About this exercise » Print the entries below word for word; the pictures stay out of your copy.

*** Exercise input Section Begins ***

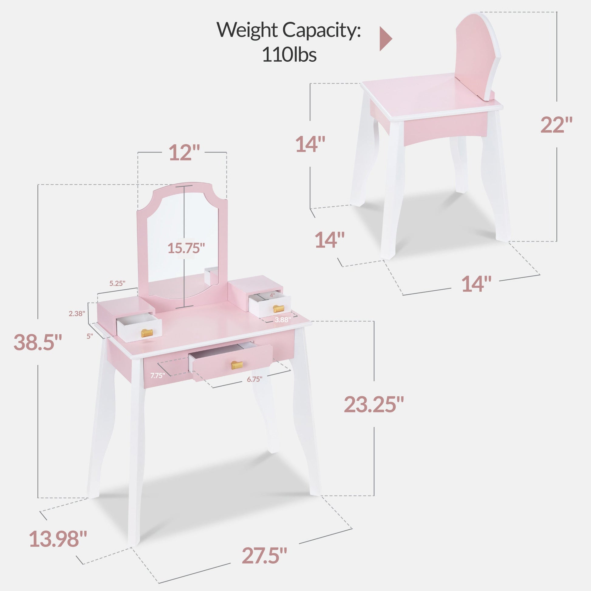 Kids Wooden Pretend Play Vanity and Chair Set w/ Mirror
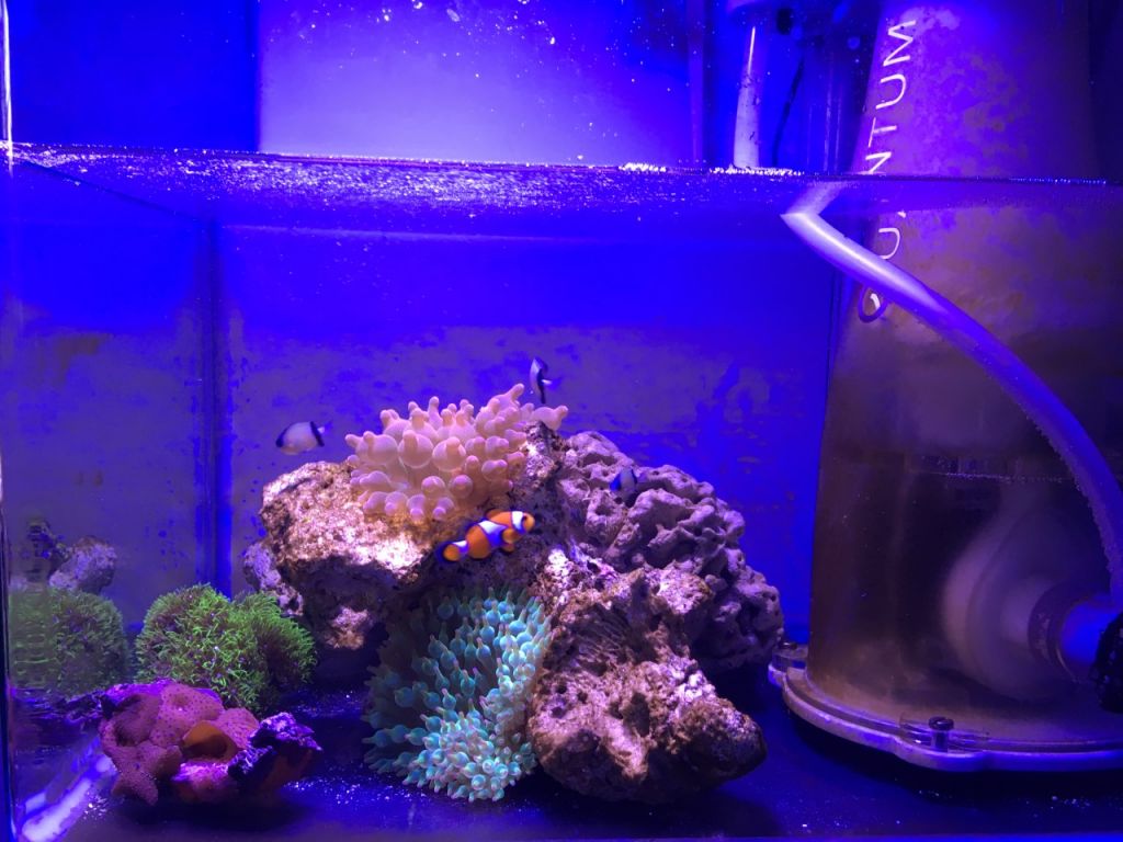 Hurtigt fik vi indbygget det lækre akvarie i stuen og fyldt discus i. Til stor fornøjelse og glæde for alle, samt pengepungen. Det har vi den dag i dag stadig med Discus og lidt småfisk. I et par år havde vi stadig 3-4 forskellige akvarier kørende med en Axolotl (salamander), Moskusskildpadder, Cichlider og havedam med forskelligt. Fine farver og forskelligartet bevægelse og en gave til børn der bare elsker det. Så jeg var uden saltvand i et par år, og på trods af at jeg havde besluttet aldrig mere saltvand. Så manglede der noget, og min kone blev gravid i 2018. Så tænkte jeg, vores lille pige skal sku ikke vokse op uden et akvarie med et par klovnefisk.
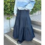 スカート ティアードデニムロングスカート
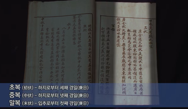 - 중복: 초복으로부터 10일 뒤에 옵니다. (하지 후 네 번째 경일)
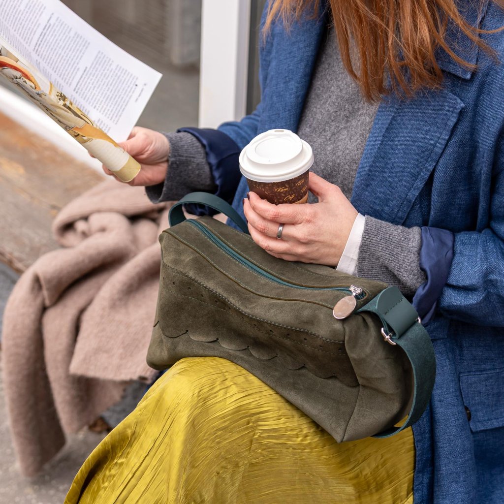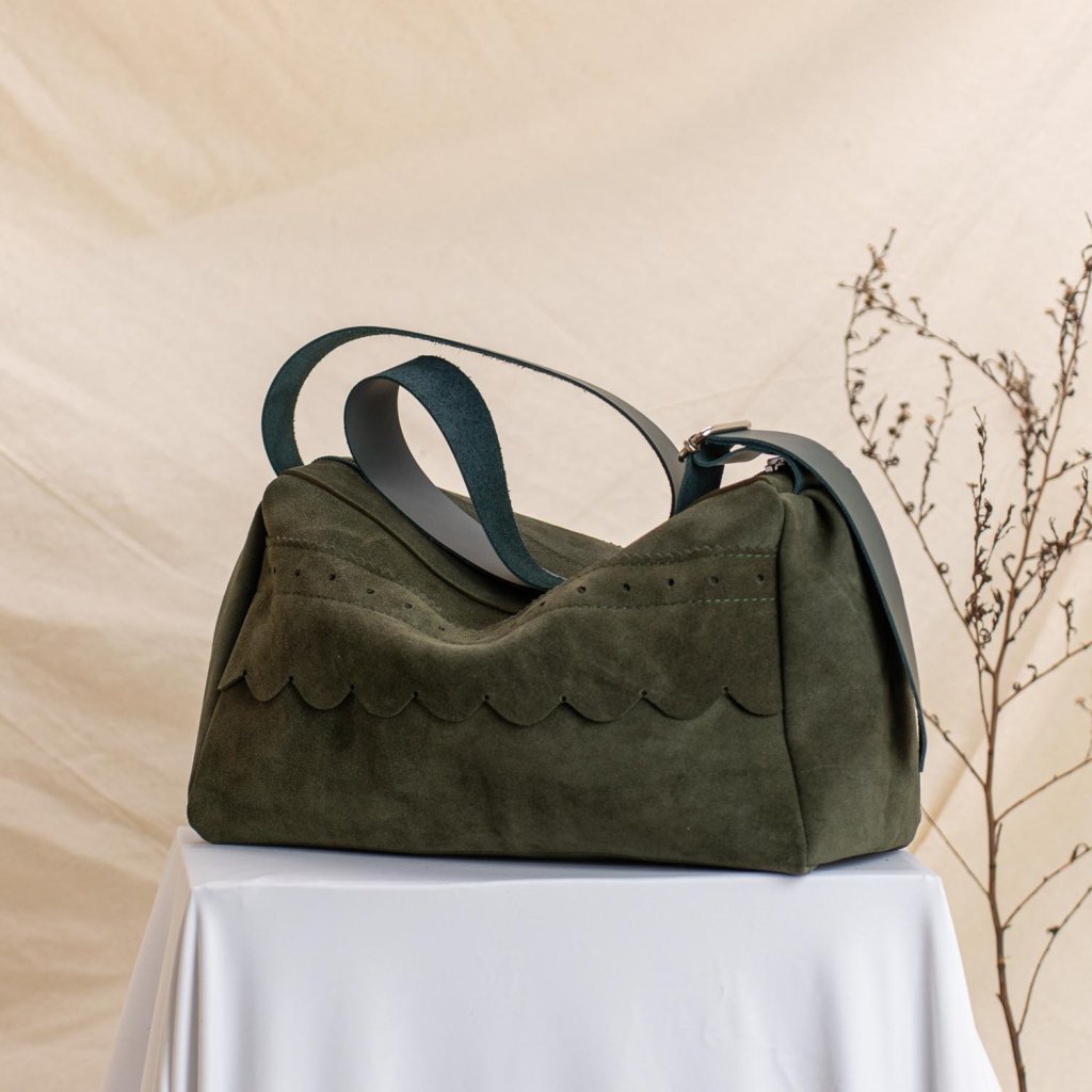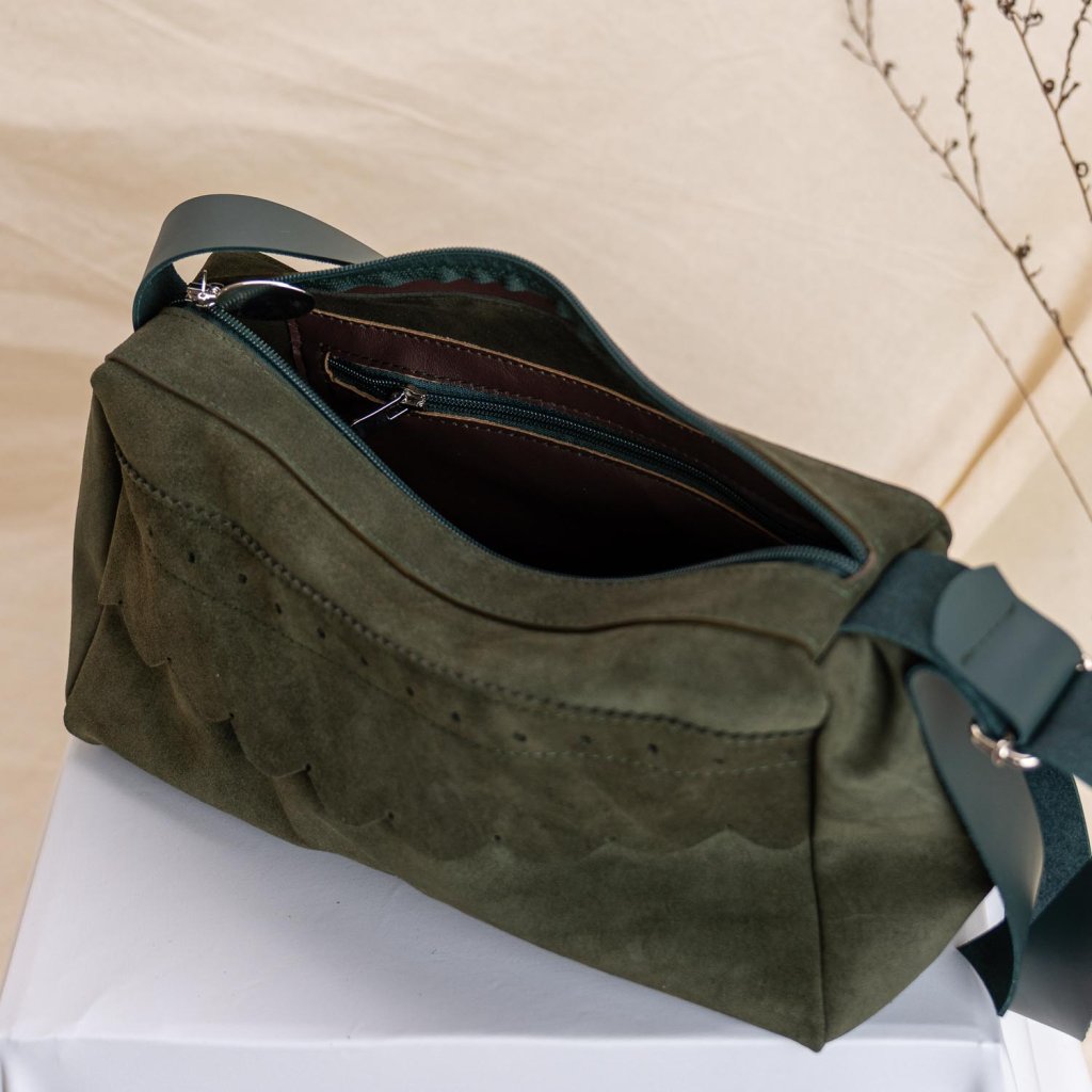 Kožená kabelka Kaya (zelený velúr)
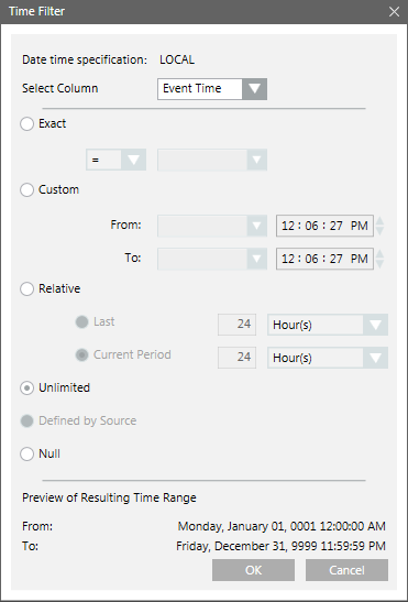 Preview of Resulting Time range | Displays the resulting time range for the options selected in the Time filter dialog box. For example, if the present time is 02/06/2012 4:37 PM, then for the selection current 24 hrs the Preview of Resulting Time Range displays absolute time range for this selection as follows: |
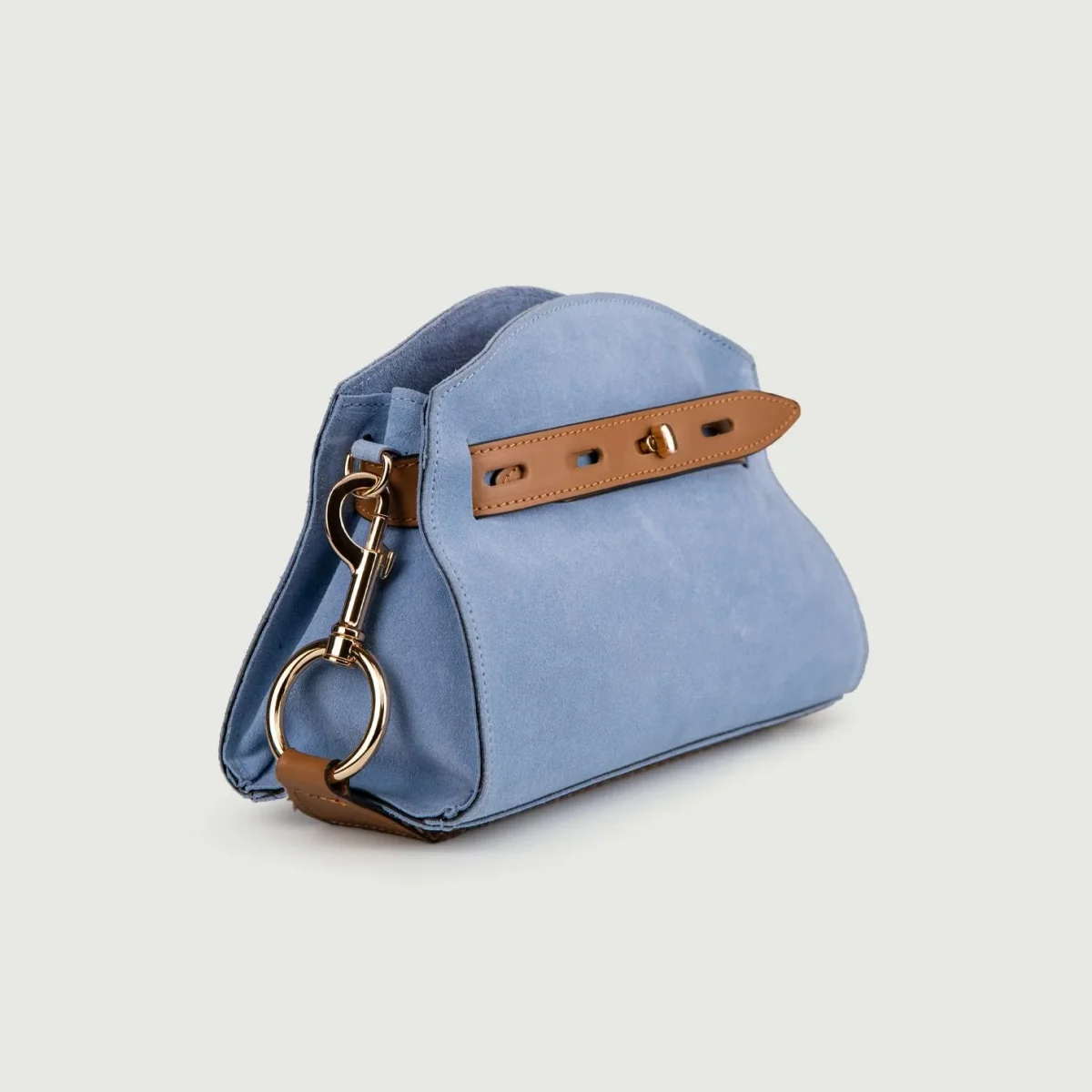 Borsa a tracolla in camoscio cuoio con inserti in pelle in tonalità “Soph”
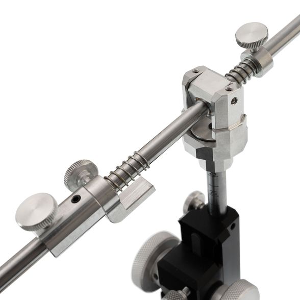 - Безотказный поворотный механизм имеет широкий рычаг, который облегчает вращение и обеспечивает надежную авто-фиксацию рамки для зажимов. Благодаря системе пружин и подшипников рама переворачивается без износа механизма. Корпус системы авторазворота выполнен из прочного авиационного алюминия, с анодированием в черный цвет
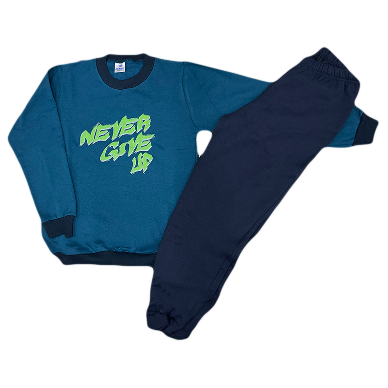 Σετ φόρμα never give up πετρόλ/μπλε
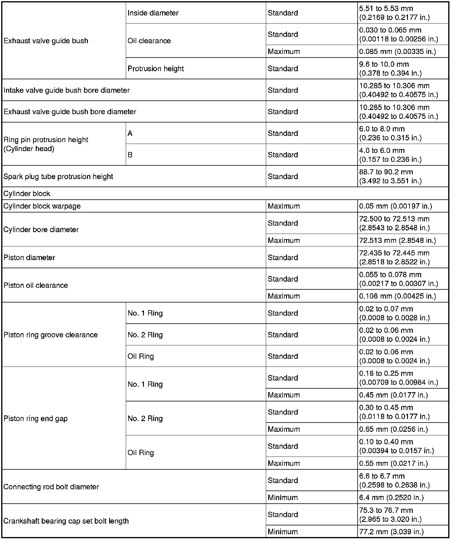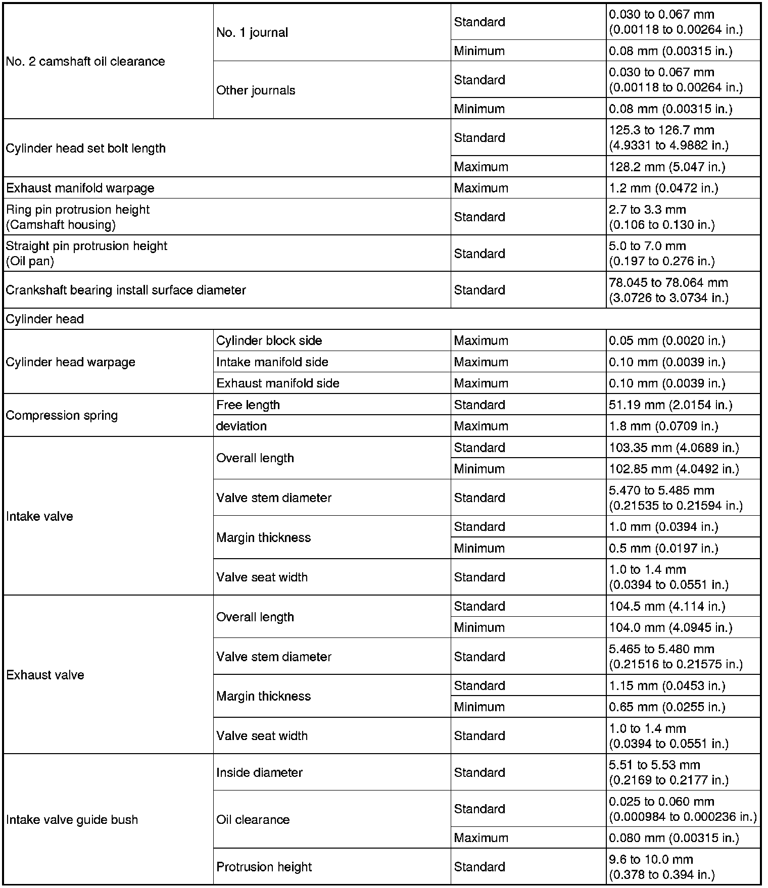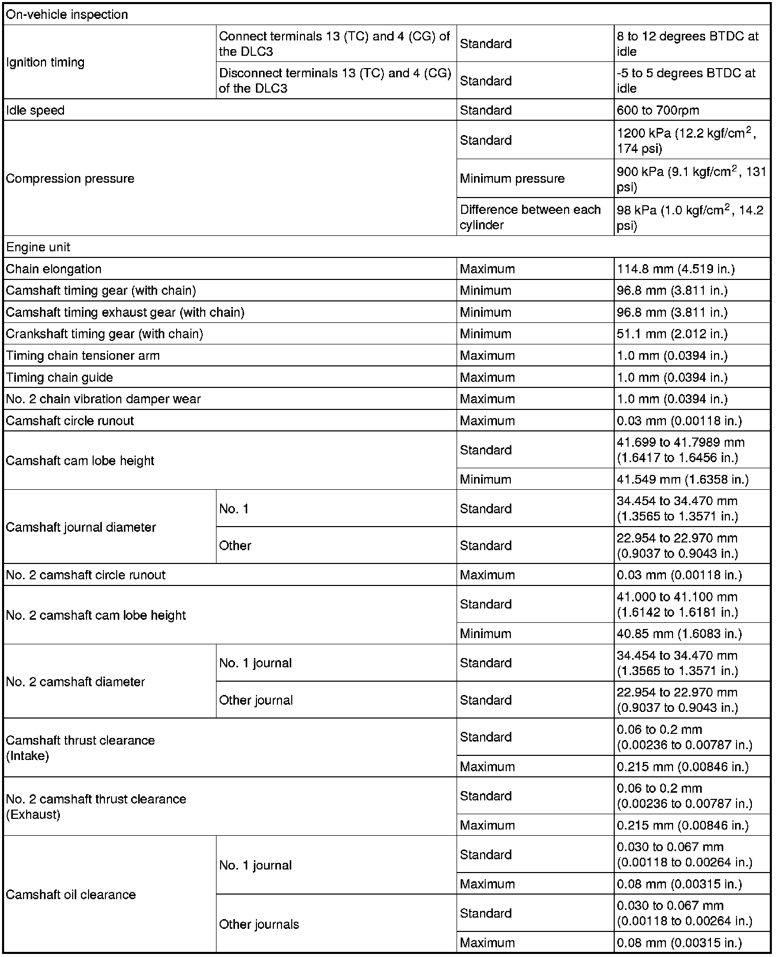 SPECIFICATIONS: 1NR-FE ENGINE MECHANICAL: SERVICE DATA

*** Exercise input Section Ends ***

Response for this exercise »
 Kids Wooden Pretend Play Vanity and Chair Set w/ Mirror
 Hurtigt fik vi indbygget det lækre akvarie i stuen og fyldt discus i. Til stor fornøjelse og glæde for alle, samt pengepungen. Det har vi den dag i dag stadig med Discus og lidt småfisk. I et par år havde vi stadig 3-4 forskellige akvarier kørende med en Axolotl (salamander), Moskusskildpadder, Cichlider og havedam med forskelligt. Fine farver og forskelligartet bevægelse og en gave til børn der bare elsker det. Så jeg var uden saltvand i et par år, og på trods af at jeg havde besluttet aldrig mere saltvand. Så manglede der noget, og min kone blev gravid i 2018. Så tænkte jeg, vores lille pige skal sku ikke vokse op uden et akvarie med et par klovnefisk.
 スカート ティアードデニムロングスカート
 - 중복: 초복으로부터 10일 뒤에 옵니다. (하지 후 네 번째 경일)
 Kožená kabelka Kaya (zelený velúr)
 Preview of Resulting Time range | Displays the resulting time range for the options selected in the Time filter dialog box. For example, if the present time is 02/06/2012 4:37 PM, then for the selection current 24 hrs the Preview of Resulting Time Range displays absolute time range for this selection as follows: |
 Borsa a tracolla in camoscio cuoio con inserti in pelle in tonalità “Soph”
 - Безотказный поворотный механизм имеет широкий рычаг, который облегчает вращение и обеспечивает надежную авто-фиксацию рамки для зажимов. Благодаря системе пружин и подшипников рама переворачивается без износа механизма. Корпус системы авторазворота выполнен из прочного авиационного алюминия, с анодированием в черный цвет
 Σετ φόρμα never give up πετρόλ/μπλε
 SPECIFICATIONS: 1NR-FE ENGINE MECHANICAL: SERVICE DATA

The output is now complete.